LMA on OST is not updated during layout swap.

# llmount.sh 
...
# cd /mnt/lustre
# lfs setstripe -c2 f0
# dd if=/dev/zero bs=1M count=2 | tr '\0' 'X' > f0
2+0 records in
2+0 records out
2097152 bytes (2.1 MB) copied, 0.0201865 s, 104 MB/s
# lfs getstripe f0
f0
lmm_stripe_count:   2
lmm_stripe_size:    1048576
lmm_layout_gen:     0
lmm_stripe_offset:  0
	obdidx		 objid		 objid		 group
	     0	             1	          0x1	             0
	     1	             1	          0x1	             0

# touch f1
# ls -lh
total 2.0M
-rw-r--r-- 1 root root 2.0M Apr  8 13:54 f0
-rw-r--r-- 1 root root    0 Apr  8 13:54 f1
# lfs path2fid f0
[0x200000400:0x1:0x0]
# lfs path2fid f1
[0x200000400:0x3:0x0]
# umount /mnt/ost1
# mount /tmp/lustre-ost1 /mnt/ost1 -t ldiskfs -o loop
# ls -lh /mnt/ost1/O/0/d1/1
-rw-rw-rw- 1 root root 1.0M Apr  8 13:54 /mnt/ost1/O/0/d1/1
# ll_decode_filter_fid /mnt/ost1/O/0/d1/1
/mnt/ost1/O/0/d1/1: objid=4294967296 seq=1 parent=[0x200000400:0x1:0x0]
# umount /mnt/ost1
# mount /tmp/lustre-ost1  /mnt/ost1 -t lustre -o loop
# lfs swap_layouts f0 f1
# ls -lh
total 2.0M
-rw-r--r-- 1 root root    0 Apr  8 13:57 f0
-rw-r--r-- 1 root root 2.0M Apr  8 13:57 f1
# umount /mnt/ost1
# mount /tmp/lustre-ost1 /mnt/ost1 -t ldiskfs -o loop
# ls -lh /mnt/ost1/O/0/d1/1
-rw-rw-rw- 1 root root 1.0M Apr  8 13:57 /mnt/ost1/O/0/d1/1
# ll_decode_filter_fid /mnt/ost1/O/0/d1/1
/mnt/ost1/O/0/d1/1: objid=4294967296 seq=1 parent=[0x200000400:0x1:0x0]


 Comments   
Comment by Peter Jones [ 09/Apr/13 ]

Bob will look into this

Comment by Bob Glossman (Inactive) [ 09/Apr/13 ]

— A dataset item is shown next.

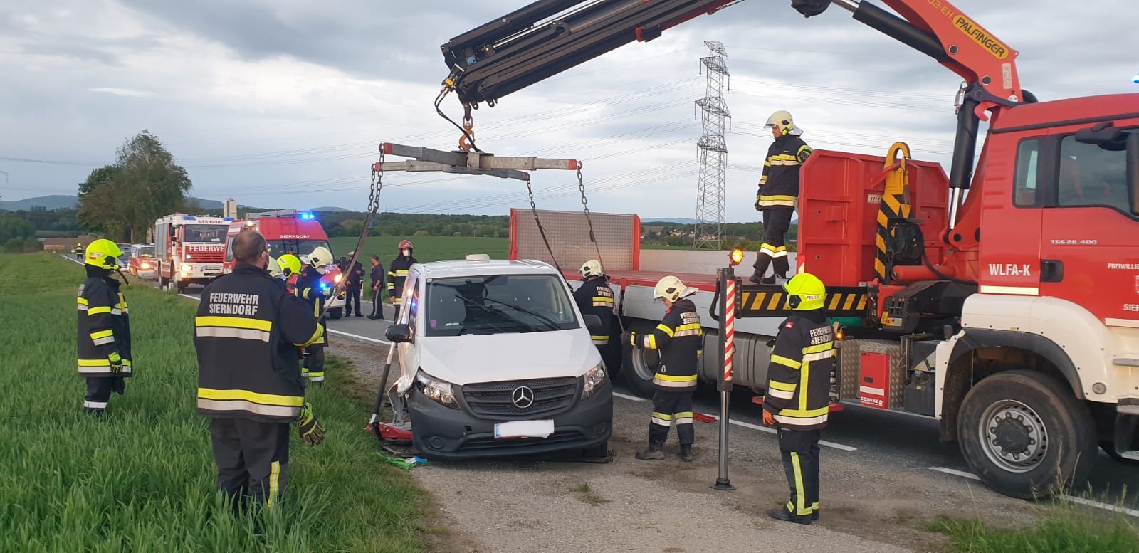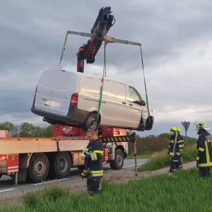 Nach Absicherung der unübersichtlichen Einsatzstelle wurde der Kastenwagen mittels Hebekreuz auf das Abschleppplateau des WLFA-K verladen und abtransportiert.
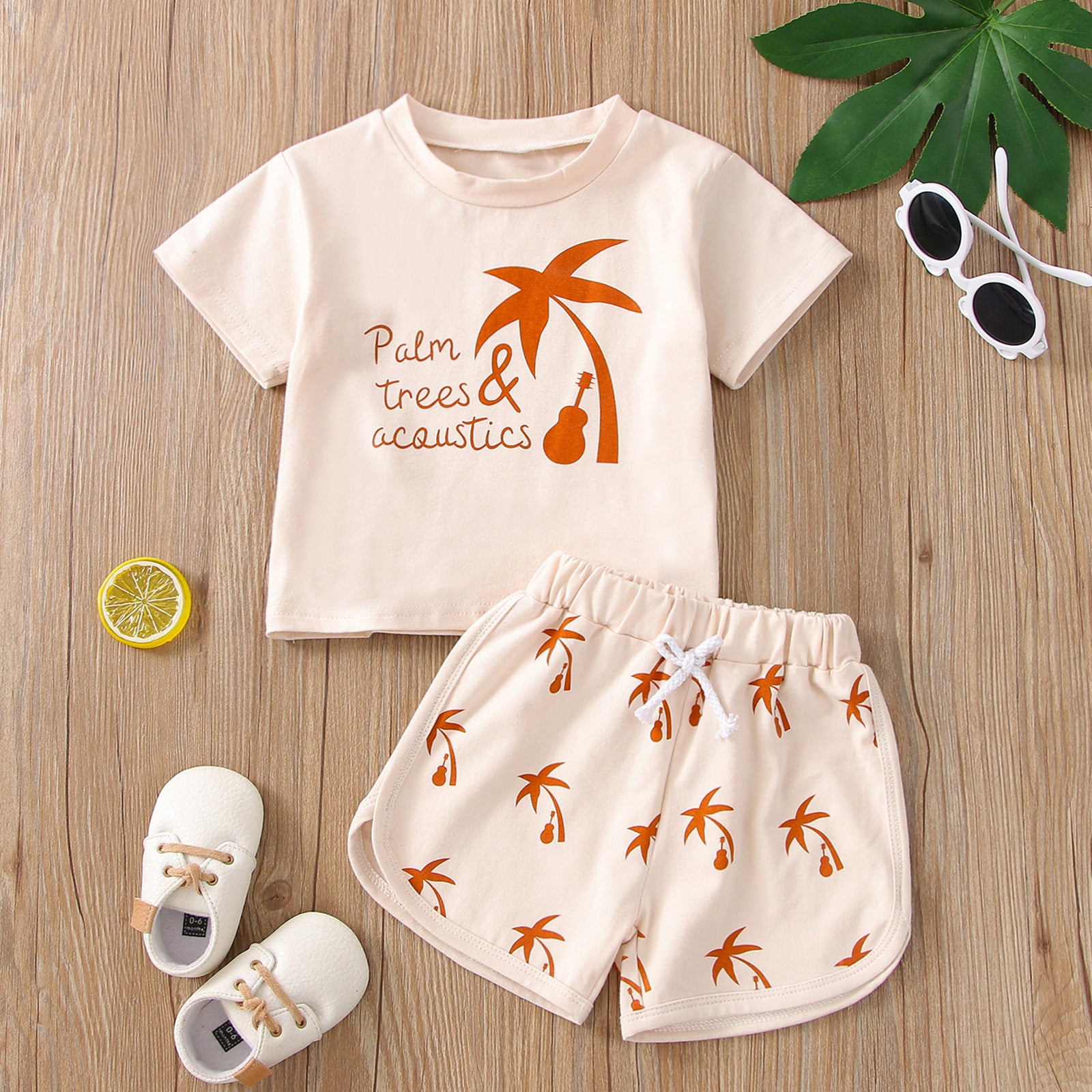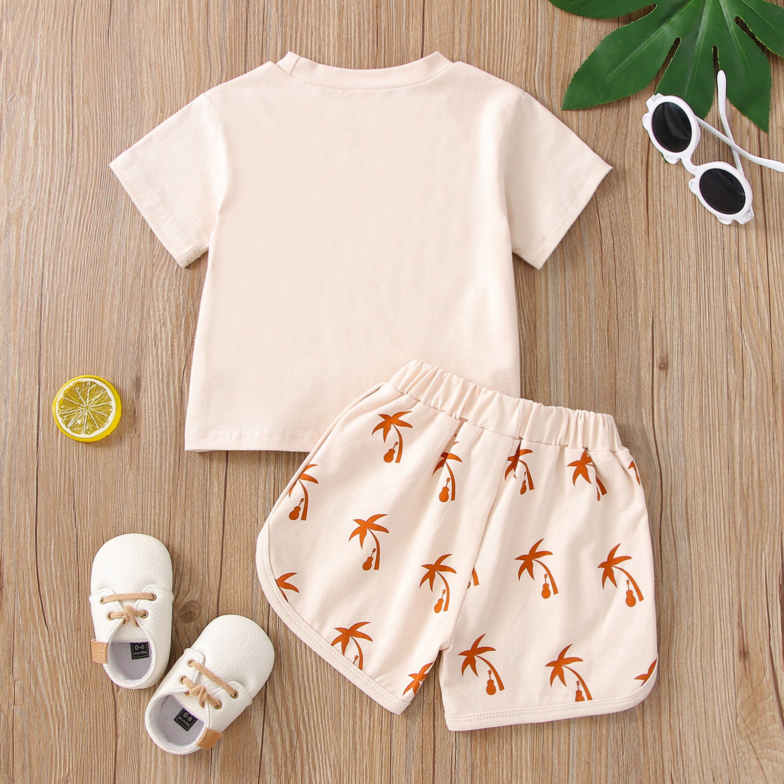 Children's Cotton Suit Coconut Printed Top And Shorts Two-piece Set

From the discussion in LU-2677 it isn't clear if there is more to be done than is in the fix http://review.whamcloud.com/#change,5838 for LU-2677

Comment by John Hammond [ 10/Apr/13 ]

Hi Bob. After the layout swap ll_decode_filter_fid should return the FID of the new parent.

# lfs setstripe -c2 f0
# touch f1
# dd if=/dev/zero of=f0 bs=1M count=2
2+0 records in
2+0 records out
2097152 bytes (2.1 MB) copied, 0.02666 s, 78.7 MB/s
# lfs path2fid f0 
[0x200000400:0x5:0x0]
# lfs path2fid f1
[0x200000400:0x6:0x0]
# lfs getstripe f0
f0
lmm_stripe_count:   2
lmm_stripe_size:    1048576
lmm_layout_gen:     0
lmm_stripe_offset:  1
	obdidx		 objid		 objid		 group
	     1	             5	          0x5	             0
	     0	             5	          0x5	             0

# umount /mnt/ost1
# mount /tmp/lustre-ost1 /mnt/ost1 -t ldiskfs -o loop
# ls -l /mnt/ost1/O/0/d5/5
-rw-rw-rw- 1 root root 1048576 Apr 10 10:20 /mnt/ost1/O/0/d5/5
# ll_decode_filter_fid /mnt/ost1/O/0/d5/5
/mnt/ost1/O/0/d5/5: parent=[0x200000400:0x5:0x0] stripe=1 ### Correct.
# umount /mnt/ost1
# mount /tmp/lustre-ost1 /mnt/ost1 -t lustre -o loop
# lfs swap_layouts f0 f1
# ls -lh 
total 2.0M
-rw-r--r-- 1 root root    0 Apr 10 10:22 f0
-rw-r--r-- 1 root root 2.0M Apr 10 10:22 f1
# umount /mnt/ost1
# mount /tmp/lustre-ost1 /mnt/ost1 -t ldiskfs -o loop
# ll_decode_filter_fid /mnt/ost1/O/0/d5/5
/mnt/ost1/O/0/d5/5: parent=[0x200000400:0x5:0x0] stripe=1 ### Incorrect parent should be [0x200000400:0x6:0x0].
Comment by Bob Glossman (Inactive) [ 11/Apr/13 ]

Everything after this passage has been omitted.